The anterior cruciate ligament, or ACL, is one of the ligaments injured in the unhappy triad. It is one of several ligaments that connect the distal femur and proximal tibia. Its purpose is to restrict the tibia from sliding anteriorly and from rotating internally with respect to the femur. It is this anterior sliding of the tibia on the femur that is demonstrated in a positive anterior-drawer test.
The medial collateral ligament, or MCL, is one of the structures injured in the unhappy triad. It connects the medial distal femur to the medial proximal tibia. It acts to resist forces that would push the knee medially, which would cause a valgus or "knock-knee" deformity.
The medial meniscus is one of the structures torn in an unhappy triad injury. It sits between the surfaces of the femur and tibia to act as a cushion. Tear to the medial meniscus will cause a positive McMurray's sign on physical exam.
The most common symptom seen in patients with an unhappy triad injury is pain and swelling of the knee.

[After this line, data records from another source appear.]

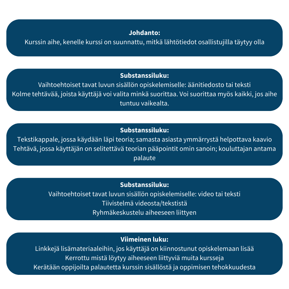 Esimerkki verkkokurssin sisällöstä, joka on toteutettu monipuolisesti erilaiset oppijat huomioiden.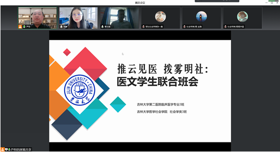 哲学社会公司党委副书记兼副经理刘培强老师作了总结点评,刘老师充分肯定了同学们的表现,指出健康领域不仅仅靠医学,更需要医务社会工作者等具有社会学方面知识的人才加入,正如孙正聿教授所言,人不是孤立存在的,而是存在于人与人之间。同时,刘老师对吉大二院在本次长春抗击新冠肺炎中所作的杰出贡献表示感谢。最后,刘老师指出,我们在助力“健康中国”建设和团队建设中将医学、哲学、社会学、心理学融合起来,提高教学质量,做到学科间交叉融合,作为具有“又红又专”特色的bv伟德国际1946的一分子,要讲好吉大故事,传播吉大声音!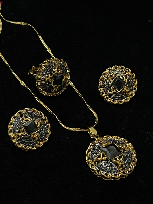 Elegant Black and Gold Jewelry Set - Necklace and Earrings with Black & Red Gemstones & Crystal Accents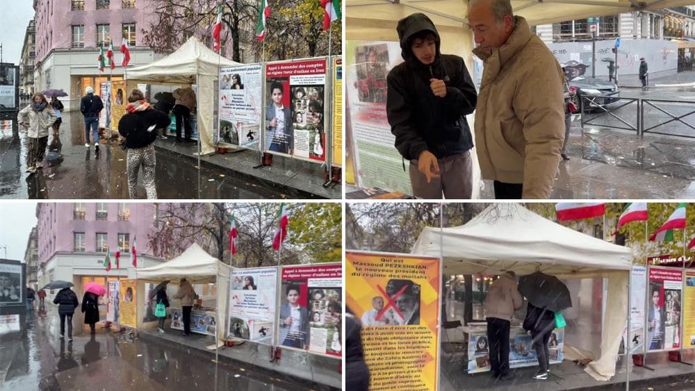 Paris, France – November 21, 2024: The Iranian community in Paris held a powerful exhibition featuring photographs and books to show solidarity with the Iranian Revolution and denounce the regime’s increasing use of executions.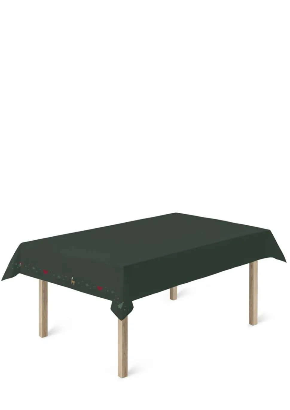 Mærk stemningen med JUNA Christmas Fable magiske juletekstiler til alle rum. Juleeventyr, fantasi og humoristiske dekorationer med masser af cosy kant. Med JUNA Christmas Fable får du en serie af moderne tekstiler med broderede motiver, der både æstetisk og legende forankrer og fornyer julens helt særlige stemning gennem et magisk juleunivers fuld af traditioner, hygge og personlighed. Tænk på en komplet og fuldstændig gennemført julekollektion af certificerede tekstiler til både dit køkken og resten af hjemmet. De dekorative julesokker på trappen fyldt op med dagens kalendergaver. Duftene fra køkkenet, der blander sig med hjertevarme forventninger og kærlige minder om en hyggelig aften i stuen. Den ikoniske juleborddækning, der løfter stemningen og får både børn og voksne til at glædes sammen. Og forestil dig så det hele tilsat nærmest karikerede klassiske broderier, der fortæller endnu flere historier end de tråde, de er syet med. Tryllebunden misteltensmagi, skitseagtige juletræer, nuttede rensdyr, ikoniske julehjerter og fluffy julestjerner. Alle skabt med masser af glimt i øjet i en sød og bevidst naivistisk stil, der ikke kan undgå at sende dit julehumør helt op til den skønneste stjernehimmel. JUNA Christmas Fable er skabt til at samle os omkring bordet, i køkkenet og også trække julestemningen med helt ind på puden, inden vi rammer drømmeland. Fuld af små broderede detaljer. Spækket med de helt store julefølelser. Denne fortryllende JUNA Christmas Fable-dug i en dyb julegrøn farve er dekoreret med et fantastisk mix af broderede julemotiver ned langs siderne af dugen, så du ikke skjuler de søde dekorationer, når du dækker op med skåle og fade og alle dine andre julefavoritter på midten af bordet. Dugen måler 150×270 cm og kommer i et skønt mix af GRS-certificeret genanvendt bomuld, GRS-certificeret genanvendt polyester og en lille smule viskose, der gør stoffet ekstra lækkert. JUNA Christmas Fable-serien giver dig et bredt udvalg af certificerede juletekstiler til hele hjemmet, hvor du mærker julestemningen i hver eneste tråd, og som du kan glæde dig til at finde frem jul efter jul. En kærlighedserklæring til godt håndværk og dekorativt dansk design vævet sammen af store eventyr og små broderede detaljer skabt til at holde længe og blive elsket endnu længere. (GRS Certified by Control Union, 1026087)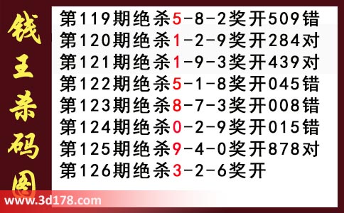 第2017126期3d钱王杀码图杀号推荐分析:近期3d钱王杀码具体详情:第119期绝杀5-8-2奖开509错第120期绝杀1-2-9奖开284对第121期绝杀1-9-3奖开439对第122期绝杀5-1-8奖开045错第123期绝杀8-7-3奖开008错第124期绝杀0-2-9奖开015错第125期绝杀9-4-0奖开878对第126期绝杀3-2-6奖开该钱王杀码图由3d之家3d图库频道原创,仅供彩民参考,温馨提供。

Given that the ligaments torn in the unhappy triad are necessary for restricting the movement of the tibia relative to the femur, tearing of these ligaments causes unrestricted motion in various directions leading to instability when the patient tries to walk or use their leg. This will manifest on physical exam as a positive anterior drawer test, demonstrating a torn ACL, and abnormal joint laxity on application of a lateral-to-medial or valgus stress on the affected knee, demonstrating a torn MCL. A torn medial meniscus is demonstrated by a positive McMurray sign.
MRI is the best way to definitively diagnose an unhappy triad injury, as it is the best imaging method for visualizing soft tissues such as muscles, tendons, and ligaments.
The definitive treatment of an unhappy triad is surgery, which usually involves reconstruction of damaged ligaments, typically with grafts of tendons taken from elsewhere in the patient's body. As with any serious musculoskeletal injury, physical therapy and rehabilitation is also crucial in the recovery process.